Balance and harmony

Official portrait honors UofSC’s president and first lady



The University of South Carolina’s president, Harris Pastides, and his wife, Patricia Moore-Pastides, make quite a team. On Friday (Jan. 25), a portrait of the two was unveiled at the UofSC Alumni Center to honor the power couple.

The unveiling comes at an appropriate time, with President Pastides’ retirement looming this summer, but the process actually began a year ago, before anyone knew of that plan.

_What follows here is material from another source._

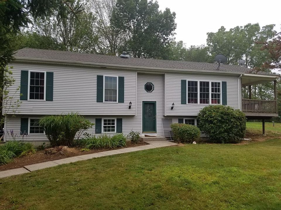 A beautiful home in the quiet town of Ledyard. The house sits on almost 2 acres with a large yard. During season you will be able pick raspberries and peaches. You can also sit on the wrap around porch and enjoy the peace and quiet. There is a large shed in the backyard. Fantastic school district and minutes to Groton submarine base, I95, local tourist attractions. Home is a raised ranch 1330 sqft upstairs(3 br, 2 ba, large kitchen, dining room and family room). Fully finished basement doubles the square footage (living room, 1 br, 3/4 ba, laundry and large office/home gym/ storage). Additional storage space available in the climate controlled attic. Tenant is responsible for electric and propane which is used for heating. Home is on a well and septic tank as well as town trash.

Mark Buyck, a former University of South Carolina Board of Trustees member, recalls getting things started. “Johnny Fields and I talked to Harris about having his portrait done before he got, quote, ‘too old,’” he says, “and we had no idea at the time that he would be retiring this year.” Fields was a member of the university’s Board of Visitors and the Board of Directors of the University of South Carolina Development Foundation before his death last March.

The decision to pursue the portrait was an easy one for Buyck, who has high praise for Pastides. “I would say — and I think a lot of people agree with me — that the past 10 years have really been the golden era of the university. We have progressed in so many phases. It’s been a really wonderful and progressive era under Pastides’ leadership.”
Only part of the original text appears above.